В вербную субботу приехавший из уезда лектор собирался прочитать в их избе-читальне антирелигиозную лекцию. У поповских детей, которые постепенно входили в конфликт со своим отцом, эта новость вызвала острое любопытство, взволновала.
Потому-то, чуть только стемнело, они — сначала Адам, а за ним и Ева — под каким-то предлогом выскользнули из хаты, украдкой метнулись через улицу, прячась за спинами старших, пробрались в тускло освещенную «театральную» комнату избы-читальни и притихли на деревянной скамье в темном уголке.
Лекция уже началась. Людей было не много. Пожилые люди тогда в избу-читальню почти не ходили. А теперь, перед самой пасхой, на антирелигиозное «мероприятие» не явилась и жадная на всякие зрелища сельская молодежь. Пришли только комсомольцы да еще с десяток учеников старшего, седьмого класса.

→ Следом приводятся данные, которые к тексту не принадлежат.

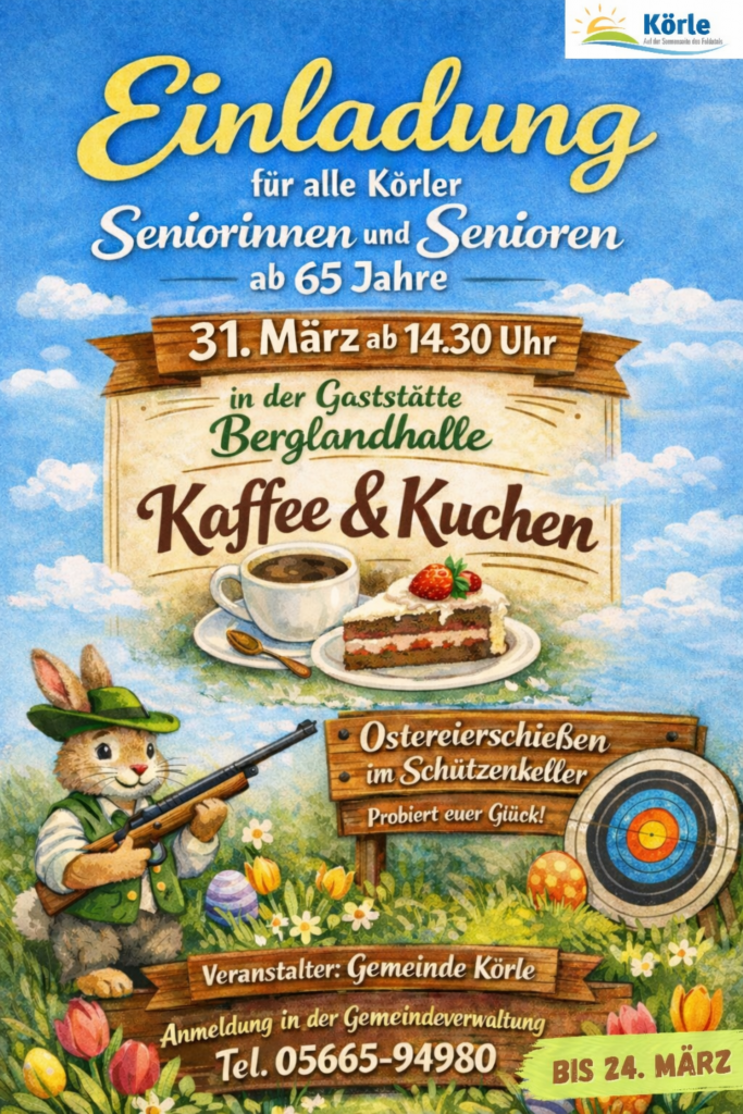 Die Gemeinde Körle bietet regelmäßig Veranstaltungen für Senioren an. Einmal im Jahr findet gewöhnlich eine Busreise statt, zu der alle Einwohnerinnen und Einwohner ab 65 Jahre eingeladen sind. In der Bürgerzeitung „Kuckuck und Esel“ sowie hier auf unserer Internetseite veröffentlichen wir, sobald ein Termin und Details für die nächste Fahrt feststehen. Im Jahr 2025 ging es für die Teilnehmerinnen und Teilnehmer in die Rhön.

Впоследствии трудно было вспомнить, о чем шла речь в этой лекции. Помнится лишь в общих чертах — речь шла о церкви, разных религиях и их взаимоотношениях с государствами и наукой. Бо́льшую часть из того, о чем говорилось в лекции, Ева не запомнила, а многого и вовсе не поняла. Лектор, низенький, щуплый, лысоватый человек неопределенного возраста, с густыми, пышными усами, в очках, все время съезжавших с его массивного хрящеватого носа, перетасовывая имена римских пап, вселенских и русских патриархов, часто ссылаясь на Яна Гуса, Джордано Бруно, Галилея, Коперника, Вольтера, Шевченко, Толстого и в особенности на Луначарского, высоким сорванным голосом развивал мысль о том, что религия, а следовательно, и церковь в России во все века, при всех общественных укладах активно служила господствующим эксплуататорским классам… Мысль давно известная и старшему Адаму, и самой Еве и к таким, которые должны были бы увлечь чем-то новым, неизведанным, не принадлежала.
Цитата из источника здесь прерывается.